LISTED RECORDS:
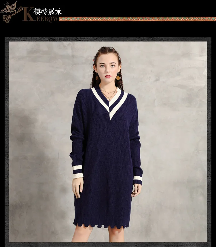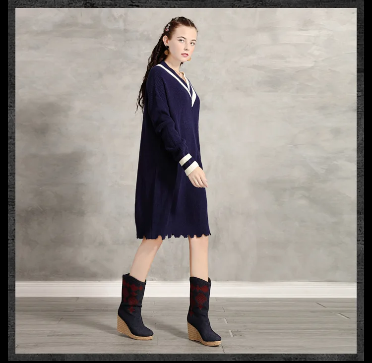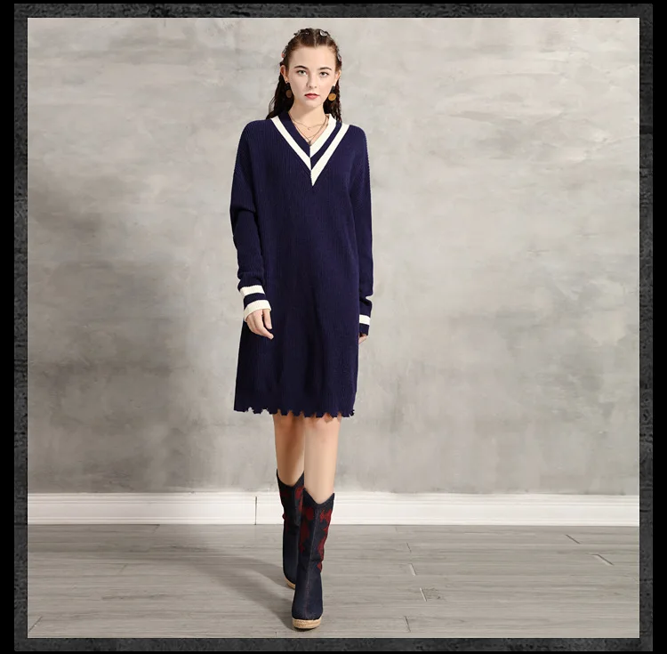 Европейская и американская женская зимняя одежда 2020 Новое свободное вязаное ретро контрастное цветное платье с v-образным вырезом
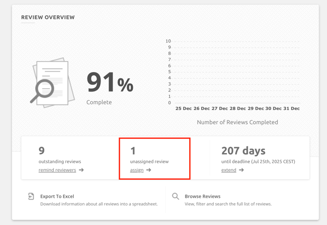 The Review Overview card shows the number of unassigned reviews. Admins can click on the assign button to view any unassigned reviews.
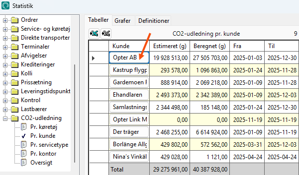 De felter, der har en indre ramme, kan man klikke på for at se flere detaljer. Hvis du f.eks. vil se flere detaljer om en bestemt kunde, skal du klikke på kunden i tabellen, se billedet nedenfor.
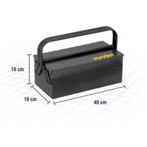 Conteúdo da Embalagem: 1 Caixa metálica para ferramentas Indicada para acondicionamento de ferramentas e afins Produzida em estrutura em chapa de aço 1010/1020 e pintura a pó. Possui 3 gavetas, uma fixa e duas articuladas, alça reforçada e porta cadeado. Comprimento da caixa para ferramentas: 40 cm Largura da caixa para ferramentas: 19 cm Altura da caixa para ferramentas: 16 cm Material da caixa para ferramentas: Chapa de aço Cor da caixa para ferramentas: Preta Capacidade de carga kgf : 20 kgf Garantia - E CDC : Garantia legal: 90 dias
...
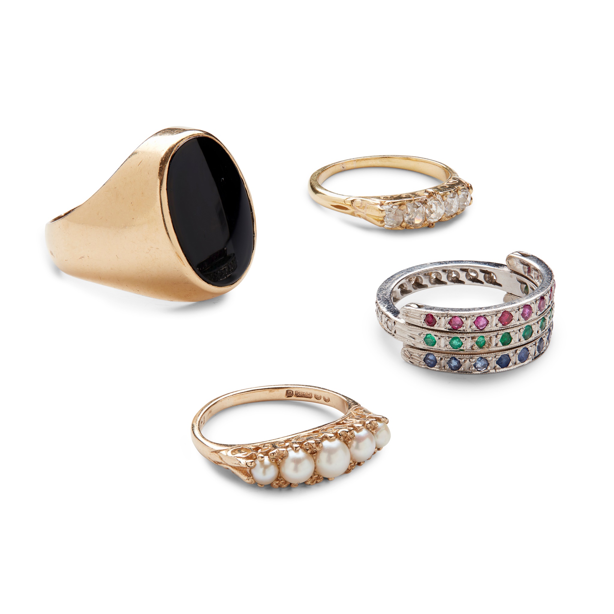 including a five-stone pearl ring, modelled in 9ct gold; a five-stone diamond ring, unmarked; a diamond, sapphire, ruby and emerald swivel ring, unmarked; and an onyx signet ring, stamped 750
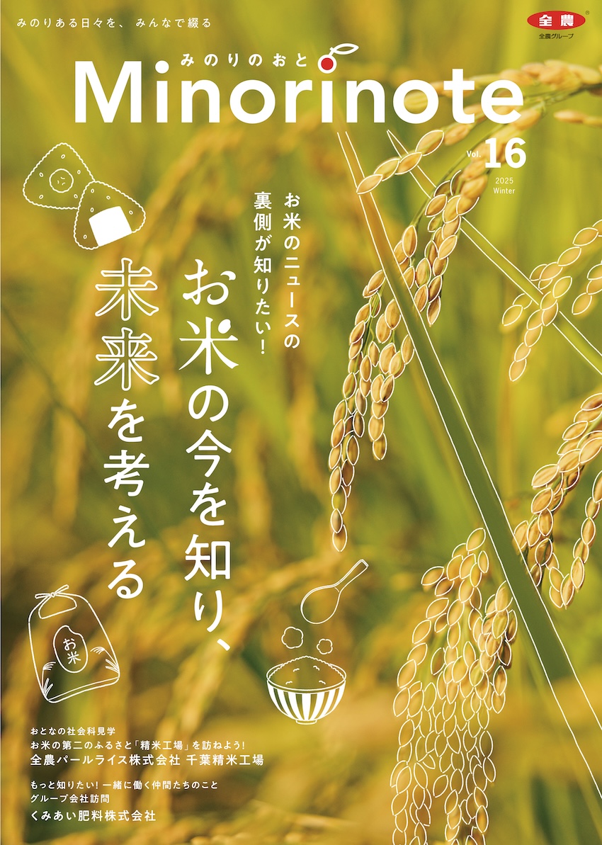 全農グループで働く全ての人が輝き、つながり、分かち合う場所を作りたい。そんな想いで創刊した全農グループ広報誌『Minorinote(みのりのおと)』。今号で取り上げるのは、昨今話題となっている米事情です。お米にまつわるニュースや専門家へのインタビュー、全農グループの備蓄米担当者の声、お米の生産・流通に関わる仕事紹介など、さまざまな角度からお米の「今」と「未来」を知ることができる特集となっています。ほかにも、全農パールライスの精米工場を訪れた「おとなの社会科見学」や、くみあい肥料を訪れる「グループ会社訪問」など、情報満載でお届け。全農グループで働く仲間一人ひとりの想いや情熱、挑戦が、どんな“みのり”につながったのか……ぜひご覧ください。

INSTRUCTIONS TO FOLLOW:
In the listing above, find the line containing "De felter, der" and the line containing "Conteúdo da Embalagem: 1", then output those two lines and everything between them exactly as written, without the images.

RESULT OF THE TASK:
 De felter, der har en indre ramme, kan man klikke på for at se flere detaljer. Hvis du f.eks. vil se flere detaljer om en bestemt kunde, skal du klikke på kunden i tabellen, se billedet nedenfor.
 Conteúdo da Embalagem: 1 Caixa metálica para ferramentas Indicada para acondicionamento de ferramentas e afins Produzida em estrutura em chapa de aço 1010/1020 e pintura a pó. Possui 3 gavetas, uma fixa e duas articuladas, alça reforçada e porta cadeado. Comprimento da caixa para ferramentas: 40 cm Largura da caixa para ferramentas: 19 cm Altura da caixa para ferramentas: 16 cm Material da caixa para ferramentas: Chapa de aço Cor da caixa para ferramentas: Preta Capacidade de carga kgf : 20 kgf Garantia - E CDC : Garantia legal: 90 dias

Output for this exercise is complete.